▼
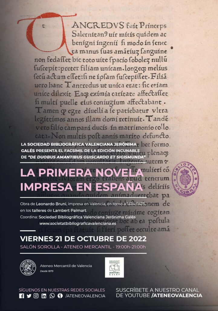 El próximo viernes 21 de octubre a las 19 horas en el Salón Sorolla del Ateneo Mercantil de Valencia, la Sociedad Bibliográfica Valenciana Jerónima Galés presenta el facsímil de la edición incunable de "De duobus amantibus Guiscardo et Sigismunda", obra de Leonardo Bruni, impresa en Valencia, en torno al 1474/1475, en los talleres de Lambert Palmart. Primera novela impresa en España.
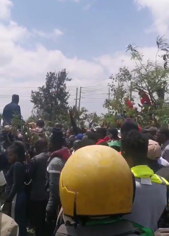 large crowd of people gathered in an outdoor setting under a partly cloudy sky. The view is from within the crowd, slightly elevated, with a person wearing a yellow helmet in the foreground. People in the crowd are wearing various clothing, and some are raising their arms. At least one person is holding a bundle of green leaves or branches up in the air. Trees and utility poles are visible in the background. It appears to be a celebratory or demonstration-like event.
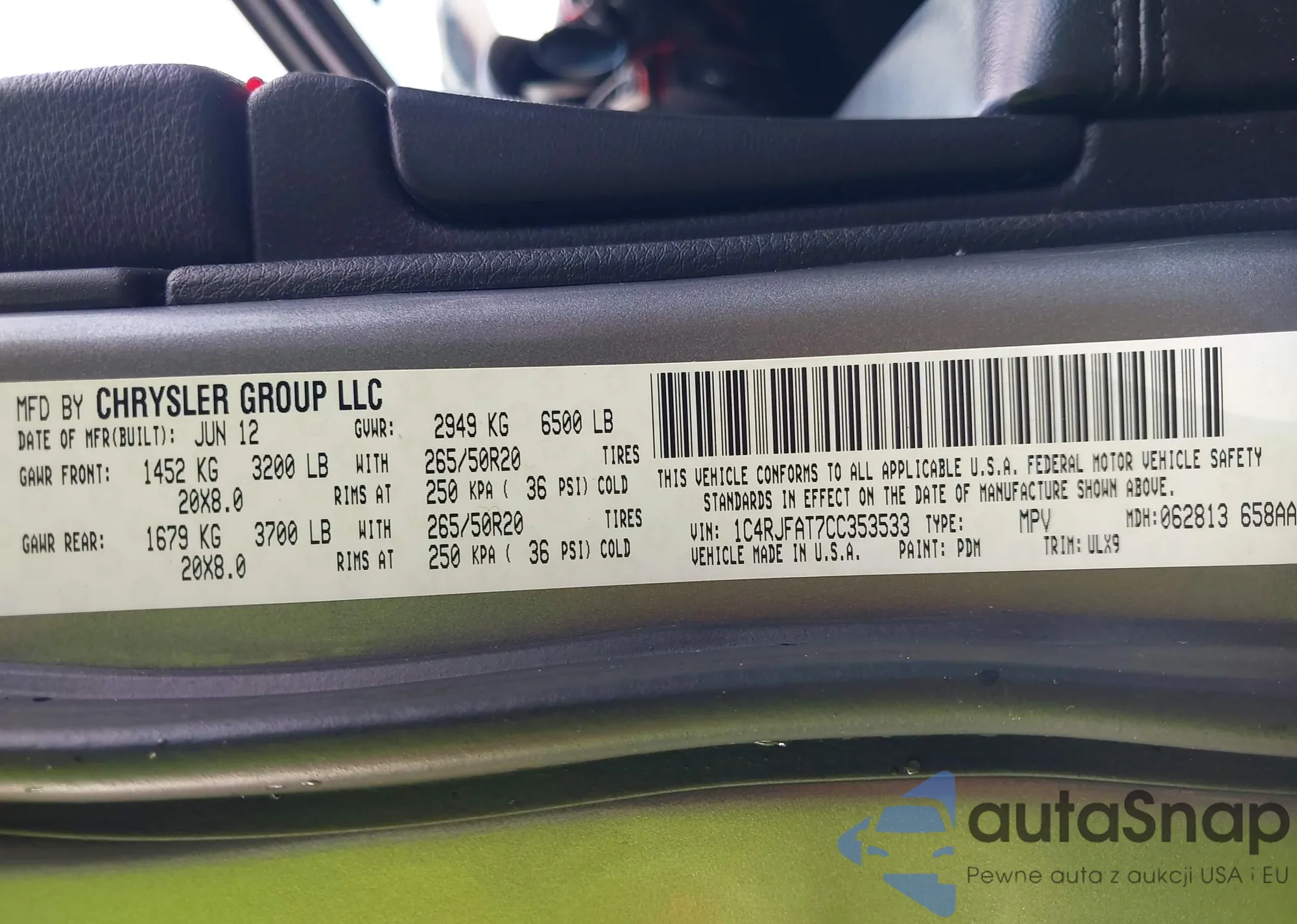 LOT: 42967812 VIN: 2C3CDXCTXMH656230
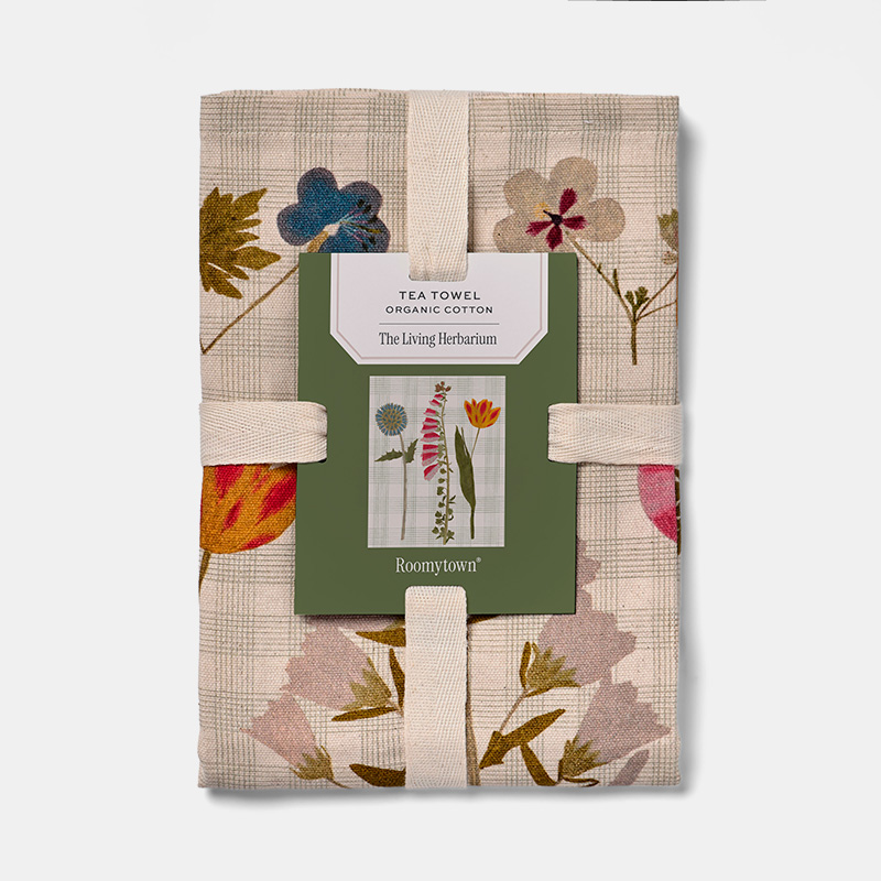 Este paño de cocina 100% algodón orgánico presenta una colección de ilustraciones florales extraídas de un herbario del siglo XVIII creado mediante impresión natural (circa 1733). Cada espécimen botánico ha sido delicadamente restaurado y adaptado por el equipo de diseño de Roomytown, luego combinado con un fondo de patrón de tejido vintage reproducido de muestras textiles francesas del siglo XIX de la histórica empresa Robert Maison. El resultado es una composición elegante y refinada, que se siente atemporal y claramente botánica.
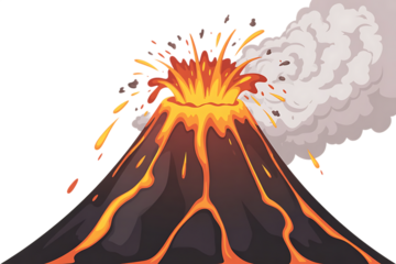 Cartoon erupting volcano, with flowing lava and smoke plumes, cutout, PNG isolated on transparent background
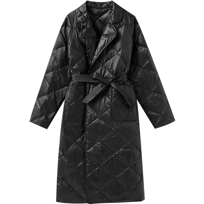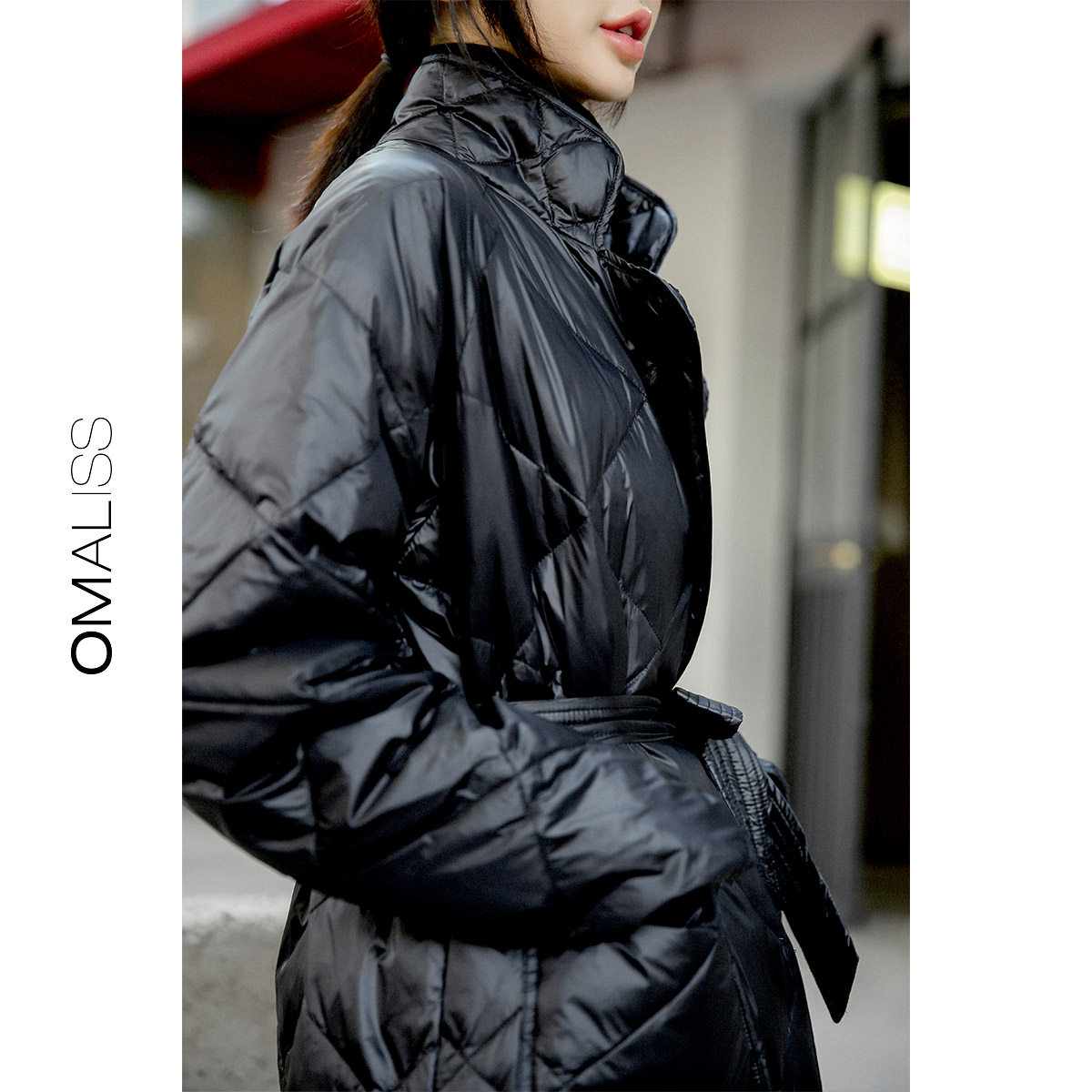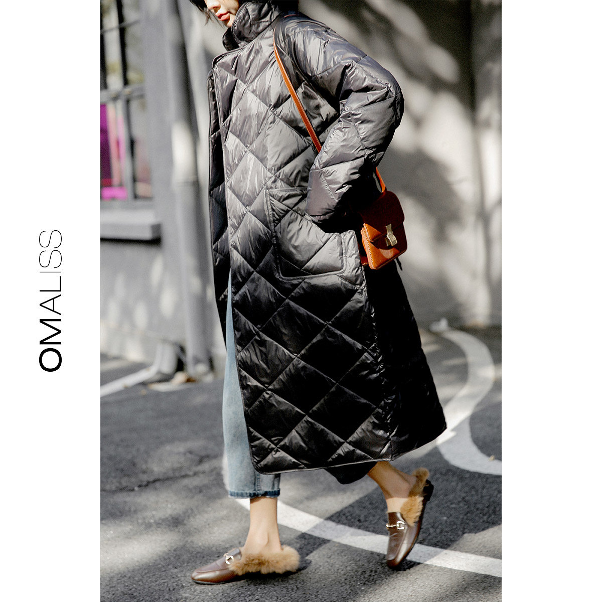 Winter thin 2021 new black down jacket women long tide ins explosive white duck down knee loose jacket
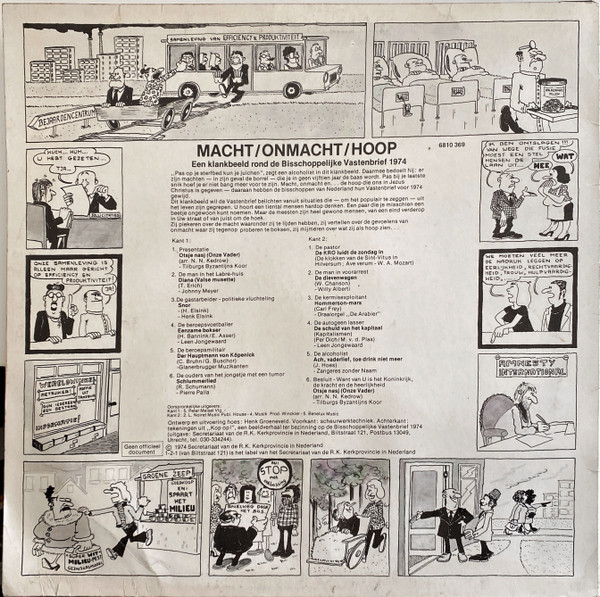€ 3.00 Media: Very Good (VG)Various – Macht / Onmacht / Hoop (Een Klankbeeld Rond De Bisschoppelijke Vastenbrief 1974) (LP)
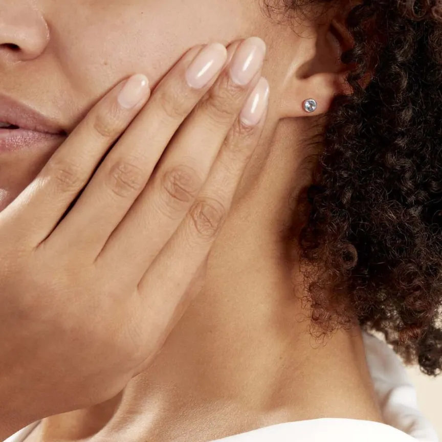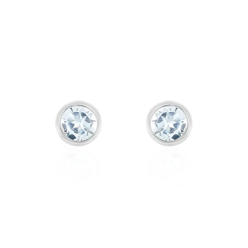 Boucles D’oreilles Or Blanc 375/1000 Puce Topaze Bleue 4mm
▲
WHAT IS NEEDED ::
Print the entries as they stand, first line through the line holding "LOT: 42967812 VIN: 2C3CDXCTXMH656230", with every picture removed.

EXERCISE SOLUTION ::
 El próximo viernes 21 de octubre a las 19 horas en el Salón Sorolla del Ateneo Mercantil de Valencia, la Sociedad Bibliográfica Valenciana Jerónima Galés presenta el facsímil de la edición incunable de "De duobus amantibus Guiscardo et Sigismunda", obra de Leonardo Bruni, impresa en Valencia, en torno al 1474/1475, en los talleres de Lambert Palmart. Primera novela impresa en España.
 large crowd of people gathered in an outdoor setting under a partly cloudy sky. The view is from within the crowd, slightly elevated, with a person wearing a yellow helmet in the foreground. People in the crowd are wearing various clothing, and some are raising their arms. At least one person is holding a bundle of green leaves or branches up in the air. Trees and utility poles are visible in the background. It appears to be a celebratory or demonstration-like event.
 LOT: 42967812 VIN: 2C3CDXCTXMH656230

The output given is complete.